A Covid Stocktake

The following article from Spectator Australia

In an article in the Epoch Times on 9 September, Julie Ponesse tells Canada’s students that Covid control measures by university administrations ‘will stop as soon as you say “no”’. Moments we should all have said no were when our communities were put under house arrest, citizens were banned from the bedside of dying family members and the healing rituals of funerals (remember a masked Queen sitting all alone at her husband’s service?), police prevented us enjoying health-sustaining access to beaches and parks and governments and corporations mandated facemasks, QR codes and digital vaccine certificates: all self-harms done supposedly for the greater good.

The lockdown and vaccine narratives are falling apart at the seams. Canada’s new opposition leader Pierre Poilievre is staunchly libertarian, anti-lockdown and anti-vaccination mandates who supported the truckers’ Freedom Convoy. My jaw is still on the floor after hearing Jacinda Ardern say ‘we all just need to respect people’s individual decisions’. In the UK, former chancellor Rishi Sunak’s break from official policy led Liz Truss to rule out future lockdowns. On 11 August, the CDC’s revised guidance returned much of the responsibility for risk reduction from institutions to individuals and shifted from sweeping population-wide precautions to targeted advice for vulnerable groups. ‘The effects of lockdown may now be killing more people than are dying of Covid’, says the UK Telegraph, including a rise in the rate of prostate cancer deaths from 7 to 26 per cent. The mainstream Financial Times reports the US decision to roll out new booster shots without clinical testing on humans – already dubbed the mouse vaccine by some – could undermine public trust and deepen vaccine hesitancy.

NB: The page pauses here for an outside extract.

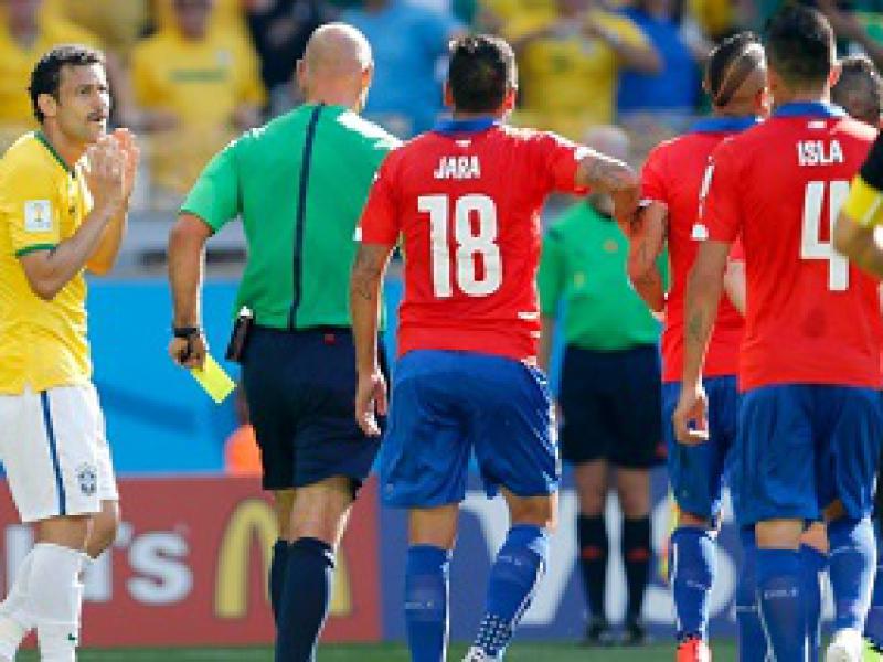 "Foi na primeira jogada que o adversário bateu pesado. Eu me lembrei de quando era treinador de Portugal e aos 5 minutos de jogo e o jogador da Holanda quebrou o Cristiano Ronaldo no meio e aos 15 minutos o CR7 teve que sair de jogo. A coxa do Neymar está deste tamanho (inchada). Não entendo porque falam que o Neymar cai. Neymar caiu, mas hoje foram 15 faltas no Sanchez e ele se jogou 12. Neymar tem que ser valorizado pelo esforço. Teremos quatro e cinco dias de problemas para colocá-lo em campo no próximo jogo", disse Felipão.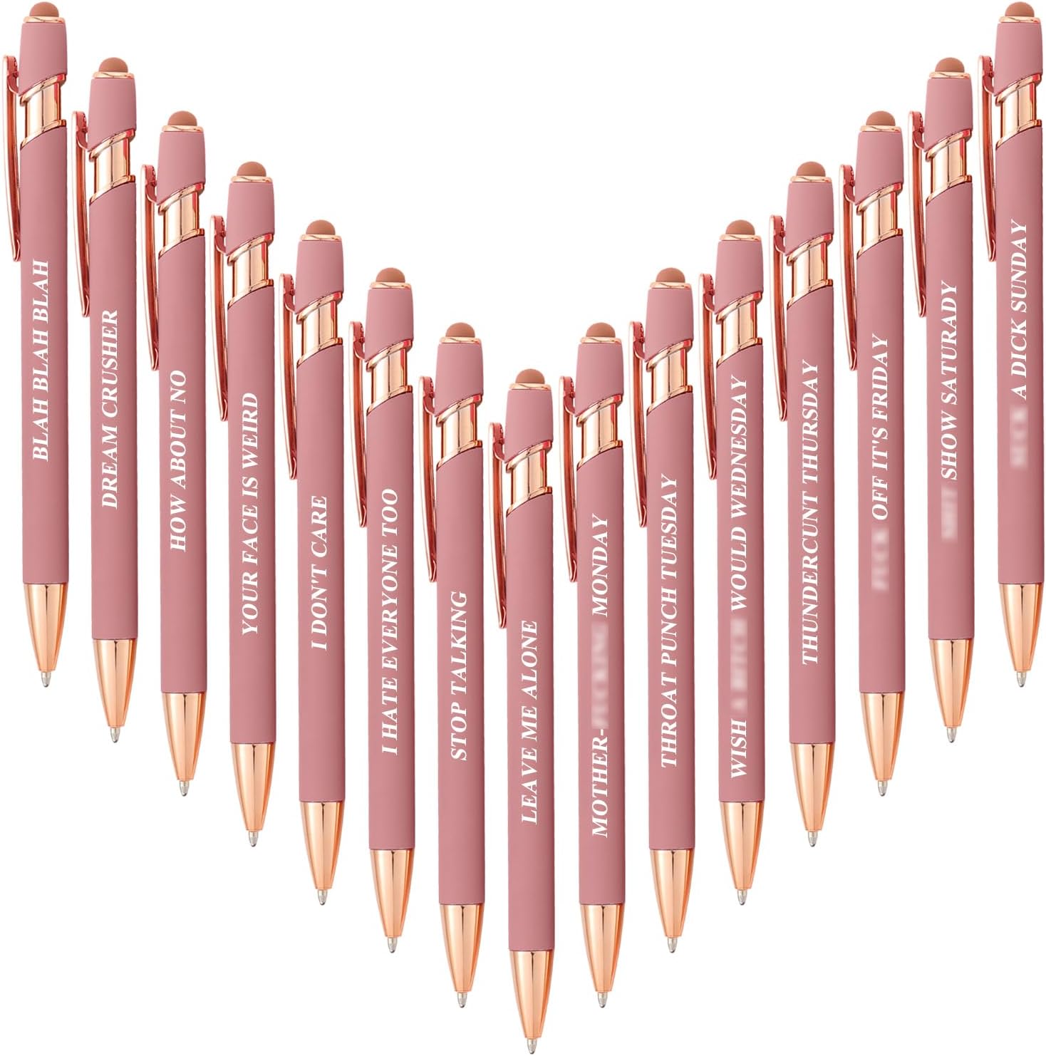 Aozora 15 Pack Ballpoint Pens Smooth Writing 2-in-1 Stylus Retractable Ballpoint Pen with Stylus tip, Office Decor Metal Stylus Pen for Touch Screens, 1.0 mm Black Ink (Funny-Rose Gold)

In Australia the push to end all special Covid measures is led by NSW Premier Dominic Perrotet against stiff resistance from some states and experts who insist there’s ‘no scientific basis’ to end them. What scientific basis was there to introduce them, pray tell? Last year, UK ‘experts’ warned Boris Johnson of catastrophe unless he cancelled his planned ending of restrictions and Anthony Fauci warned of disasters in states that rejected his recommended restrictions. Both were proven dead wrong.

In a press briefing on 6 September, White House Covid response coordinator Dr Ashish Jha explained people can get their flu and Covid booster vaccines in one visit: ‘I really believe this is why God gave us two arms – one for the flu shot and the other one for the Covid shot’. Was this a Freudian slip revealing the religious dogma that lies behind Covid policy? Used in ancient and medieval times, mass closures were discredited in Western epidemiology in the last century and replaced by the concept of herd immunity built through naturally-acquired and vaccine-induced infections. An analysis by Michael Senger concludes that, based on bioterrorism fears in the national security community after 9/11, the CDC had insinuated China’s lockdown measures during the Sars epidemic as US federal policy by January 2004. They called it ‘social distancing’ to disguise its origins.

Debbie Lerman has distilled a lockdown blueprint centred on a relentless fear campaign reinforced by stressing uniqueness, worst-case scenarios, not knowing what to expect and ‘we’re all equally at risk’, on the one hand; and the abandonment of all previous policies in favour of universal mandates to isolate, test, trace, mask up, vaccinate and so on on the other. Based mostly in junk science, they terrified the people into demanding draconian ‘health’ measures whose primary, intended purpose was to cynically exploit emotional distress to ensure compliance with unprecedented, untested, ineffective and destructive policy interventions. They succeeded.

Covid poses such miniscule risk to children that vaccinating them is ‘all risk, no benefit’. Denmark banned vaccines for healthy under-18s from 1 July. Yet on 19 July, Australia’s Therapeutic Goods Administration (TGA) granted provisional approval for administering Spikevax vaccines to children aged 0.5–5 years. NSW Health data show 99.9 per cent of Covid-related deaths in the last six months were among adults despite over 95 per cent being vaccinated and 68 per cent being boosted.

An article in the British Medical Journal shows 12 to 15-year-old healthy boys are four times more at risk of myocarditis after a second Pfizer vaccine than of hospital admission for Covid. A new study in preprint estimates that to prevent just one Covid hospitalisation in 18-29 year olds (university age), 22,000-30,00 previously uninfected must be boosted. But for every one hospitalisation prevented, there are 18 to 98 serious adverse events. A complementary peer-reviewed article in Vaccine seems to suggest, albeit tentatively, that added risks of serious adverse events are 2.4 and 4.4 times higher than the reduced risk of hospitalisation for Moderna and Pfizer vaccines. Some experts point to a worrying trend of rising excess mortality among under-14s in 28 European countries. A study of almost 900,000 5 to 11-year-old children in North Carolina (New England Journal of Medicine) adds to concerns that vaccines don’t just lose their effectiveness within months; they also destroy natural immunity.